宋娇娇怔了一下,顿时被点醒,菜刀“当”的一声落在了地上,这肉皮若是留下来,以后对她而言随时是个心病,还不如一了百了,反而成全了她,圆了宋家的骗婚慌言。
宋金和宋金媳妇宋氏却是眼色如墨,尤其是宋金,眼睛似渗了毒似的看着宋娇娇,他岂会不知宋家的底细,之所以婚前没有拆穿,是不想换亲的事黄了,殷家和宋家两大家族都恨他,如今亲事己定,宋娇娇已经嫁过来,他却更愿意将宋家的假富贵慌言大白于天下,让宋娇娇以后被翟氏尽情搓磨,以报她不嫁儿子殷明朝之仇。
两口子加上明汉卖着力气阻截,翟氏见野猫身子被阻得一滞、机不可失,身子远远的飞起来,竟似那猫儿般在空中来了个完美跃跳,一把将野猫脖子拎起来大骂道:“敢抢我家的宝贝,九条命也让你死透腔。”
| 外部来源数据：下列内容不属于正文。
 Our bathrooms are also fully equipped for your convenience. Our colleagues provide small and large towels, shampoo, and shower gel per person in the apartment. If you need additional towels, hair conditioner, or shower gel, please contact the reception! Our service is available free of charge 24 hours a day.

翟氏满脸的褶子恶狠狠的盯着老猫,老猫也恶狠狠的盯着翟氏,仿佛方才对滞而立的黑猫与灰猫。
许是知道自己命不久矣,灰毛反而没了瑟缩,一口一口的将肉皮往肚里硬吞。
翟氏一见大慌,手不由得松开了猫脖子,改扯猫嘴里的肉皮,肉皮被风干了,扯断是难上加难,偏偏一猫一人都下狠了力气,僵持了一会儿,那肉皮骤然从中分开,翟氏用力过猛,一屁股蹾在了地上,哀哀的叫疼,手里却仍旧攥着那块剩下的仅余成人两个手指宽长的肉皮。
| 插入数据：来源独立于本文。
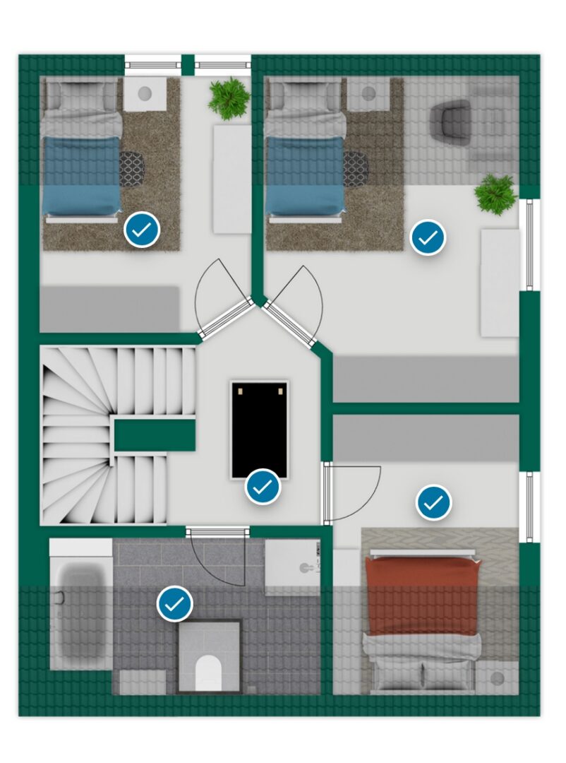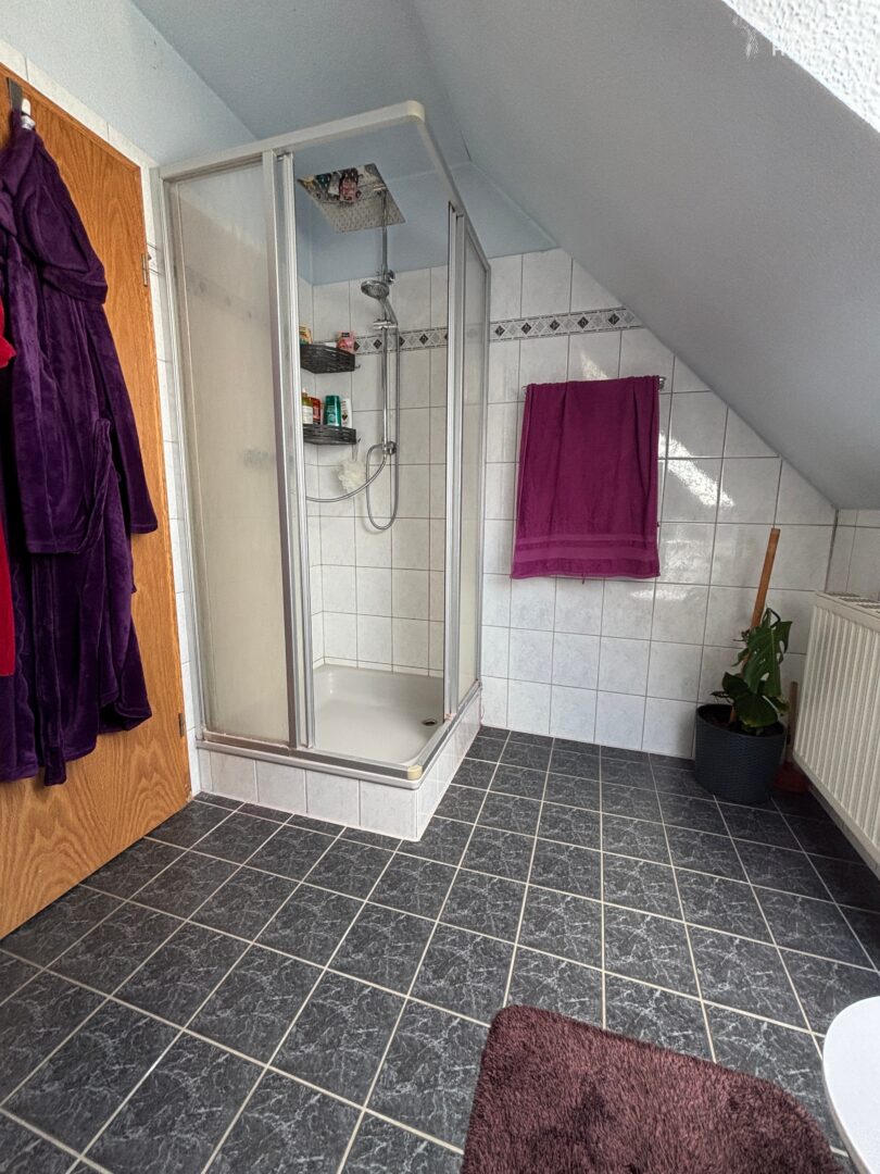 Vom Flur aus gelangen Sie über eine Treppe ins Obergeschoss. Hier gibt es 3 ansprechende Schlafzimmer und ein geräumiges Tageslichtbad mit Wanne und Dusche.

那老猫也是个命好的,借着翟氏呼痛的机会,一窜就上了房梁,向山上逃去了。
翟氏心疼的看着手心里的肉皮,恨恨的剜着周围或是哄笑或是觊觎的眼神,见松儿惊悚的看着她,她还恶狠狠的做了一个掐猫的动作,吓得松儿紧紧依偎在刘氏的怀里。
明月心头一凉,松儿被卖之事再次涌上心头,冷着眼看着地上的翟氏,殷家其他人则似乎也被突如其来的变化怔了神,一时忘记上前搀扶。
翟氏不管地上的寒凉,坐在地上喘着粗气,因为追猫追得狠了,总是梳得油光可鉴、用刺鼻头油抹得如狗舔似的头发,此刻已经变得凌乱不堪,婉如刚刚遭遇了不测。
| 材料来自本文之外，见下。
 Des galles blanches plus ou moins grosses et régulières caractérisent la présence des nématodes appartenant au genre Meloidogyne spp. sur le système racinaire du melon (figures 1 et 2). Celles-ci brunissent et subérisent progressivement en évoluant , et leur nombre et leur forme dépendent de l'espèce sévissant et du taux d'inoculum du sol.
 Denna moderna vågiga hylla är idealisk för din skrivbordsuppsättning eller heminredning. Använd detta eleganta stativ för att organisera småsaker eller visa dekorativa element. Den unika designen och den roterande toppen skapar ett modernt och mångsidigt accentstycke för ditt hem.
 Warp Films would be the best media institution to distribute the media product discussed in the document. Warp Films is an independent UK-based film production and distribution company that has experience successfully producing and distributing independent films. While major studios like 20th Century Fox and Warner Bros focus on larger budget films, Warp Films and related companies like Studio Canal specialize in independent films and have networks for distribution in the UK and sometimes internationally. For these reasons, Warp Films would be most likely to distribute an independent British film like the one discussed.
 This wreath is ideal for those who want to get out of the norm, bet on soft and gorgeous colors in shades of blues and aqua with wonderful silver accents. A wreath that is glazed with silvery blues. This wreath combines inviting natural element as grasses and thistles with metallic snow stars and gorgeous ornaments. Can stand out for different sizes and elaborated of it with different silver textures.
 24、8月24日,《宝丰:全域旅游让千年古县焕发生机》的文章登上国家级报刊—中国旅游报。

翟氏哪里顾得上自己的形象,而是小心的用手捧着刚刚的战利品肉皮,脸上疼惜得无以复加,最后一狠心,竟将肉皮往嘴里一送,恶狠狠道:“让你们都想抢,这回装到我肚子里,谁也抢不走了。”那表情,竟似那老猫一般透着贪婪。